AGRA
- Formation: 2006
- Founders: Bill & Melinda Gates Foundation, Rockefeller Foundation
- Type: Non-profit organization
- Headquarters: Nairobi, Kenya
- Region served: Africa
- Chairman: Hailemariam Desalegn
- President: Agnes Kalibata
- Employees: 211
- Website: agra.org
- Formerly called: Alliance for Green Revolution in Africa

= Alliance for a Green Revolution in Africa =

Agricultural development organization

AGRA, formerly known as the Alliance for Green Revolution in Africa, is a nonprofit organization founded in 2006 to improve agricultural practices in Africa, with the goals of doubling the income of 20 million farmers and halving food insecurity in 20 countries by 2020.

AGRA is headquartered in Nairobi, Kenya, from where a team of African scientists, economists and business leaders supports its country operations and African governments. It was funded by the Bill and Melinda Gates Foundation and the Rockefeller Foundation. The institution has offices in 11 African countries.

== History ==
AGRA was founded in 2006 as an Africa-based and -led organization that works within the Comprehensive Africa Agricultural Development Program (CAADP), Africa's policy framework for agricultural transformation, wealth creation, food security and nutrition, economic growth and prosperity.

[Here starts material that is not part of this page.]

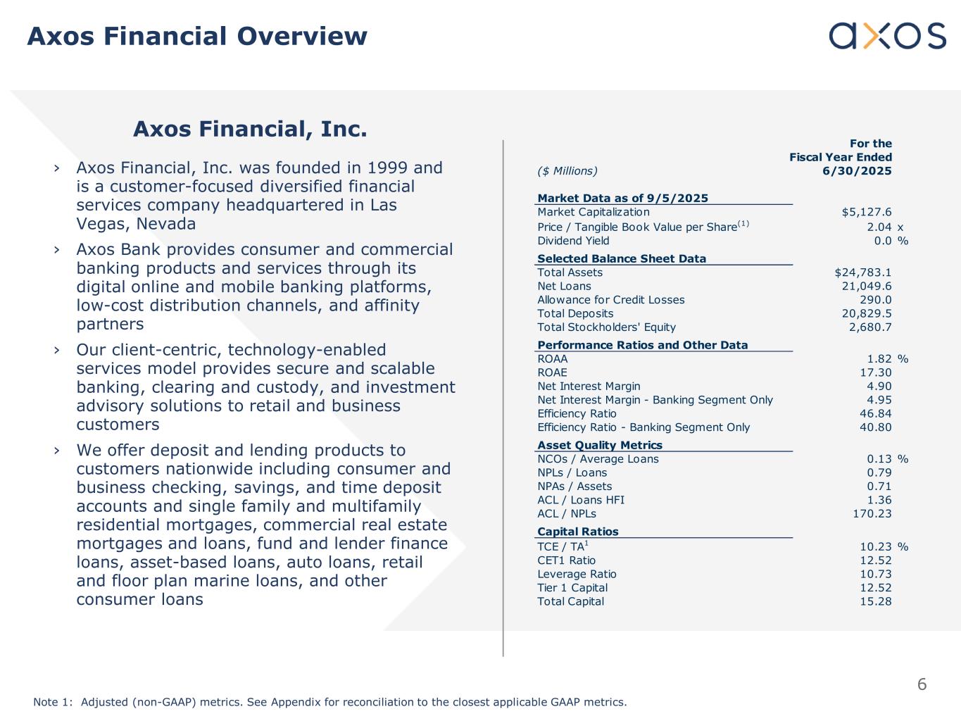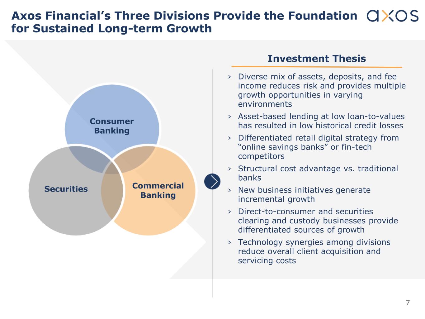 6 Axos Financial Overview Note 1: Adjusted (non-GAAP) metrics. See Appendix for reconciliation to the closest applicable GAAP metrics. For the Fiscal Year Ended ($ Millions) 6/30/2025 Market Data as of 9/5/2025 Market Capitalization $5,127.6 Price / Tangible Book Value per Share(1) 2.04 x Dividend Yield 0.0 % Selected Balance Sheet Data Total Assets $24,783.1 Net Loans 21,049.6 Allowance for Credit Losses 290.0 Total Deposits 20,829.5 Total Stockholders' Equity 2,680.7 Performance Ratios and Other Data ROAA 1.82 % ROAE 17.30 Net Interest Margin 4.90 Net Interest Margin - Banking Segment Only 4.95 Efficiency Ratio 46.84 Efficiency Ratio - Banking Segment Only 40.80 Asset Quality Metrics NCOs / Average Loans 0.13 % NPLs / Loans 0.79 NPAs / Assets 0.71 ACL / Loans HFI 1.36 ACL / NPLs 170.23 Capital Ratios TCE / TA1 10.23 % CET1 Ratio 12.52 Leverage Ratio 10.73 Tier 1 Capital 12.52 Total Capital 15.28 Axos Financial, Inc. › Axos Financial, Inc. was founded in 1999 and is a customer-focused diversified financial services company headquartered in Las Vegas, Nevada › Axos Bank provides consumer and commercial banking products and services through its digital online and mobile banking platforms, low-cost distribution channels, and affinity partners › Our client-centric, technology-enabled services model provides secure and scalable banking, clearing and custody, and investment advisory solutions to retail and business customers › We offer deposit and lending products to customers nationwide including consumer and business checking, savings, and time deposit accounts and single family and multifamily residential mortgages, commercial real estate mortgages and loans, fund and lender finance loans, asset-based loans, auto loans, retail and floor plan marine loans, and other consumer loans

Former UN Secretary General Kofi Annan was the organization's first chairman and served until 2013 when Econet Wireless Founder Strive Masiyiwa took over. Masiyiwa's term ended in 2019. He was succeeded by former Ethiopian Prime Minister Hailemariam Desalegn.

AGRA has 211 employees from 24 nationalities of whom 42% are female and 58% male. About 61% of AGRA's workers are technical staff. The organization is led by President Dr. Agnes Kalibata, who has held the office since 2014. She is deputized by Prof. Hamadi Boga, Former Principal Secretary, in the State Department of Crop Development and Agricultural Research in Kenya and Jonathan Said.

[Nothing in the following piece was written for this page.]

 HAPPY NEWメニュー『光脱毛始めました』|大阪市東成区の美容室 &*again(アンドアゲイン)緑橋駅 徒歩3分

AGRA is among the key conveners of the annual Africa Food Systems Forum, a gathering that brings together presidents, heads of state and government, ministers, scientists, farmers, private sector payers and members of civil society to chart the way forward for African agriculture. The Forum is now in its 11th year.

In January 2026, Claire Wilmot for The Bureau of Investigative Journalism wrote that AGRA hired Portland Communications, which in turn used subcontractors to edit Wikipedia entries favorably for AGRA and other clients.

== Countries of operation ==
AGRA has prioritized 11 countries in three agro-ecologies:

- The Guinea Savannah Zone: Ghana, Nigeria, Mali and Burkina Faso
- The East African Highlands: Ethiopia, Kenya, Uganda, Rwanda and Tanzania
- The Miombo Woodland: Malawi and Mozambique

== Strategy ==

AGRA's strategy is to double the yields and incomes of 30 million smallholder households in 11 countries by the end of 2021. The organization's impact is felt by:

- 9 million smallholder farmer households, who are witnessing increased food security through AGRA's direct interventions.
- 21 million smallholder farmer households that are benefiting indirectly from AGRA's partnerships, support to governments and Investments that unlock the engagement and power of the private sector.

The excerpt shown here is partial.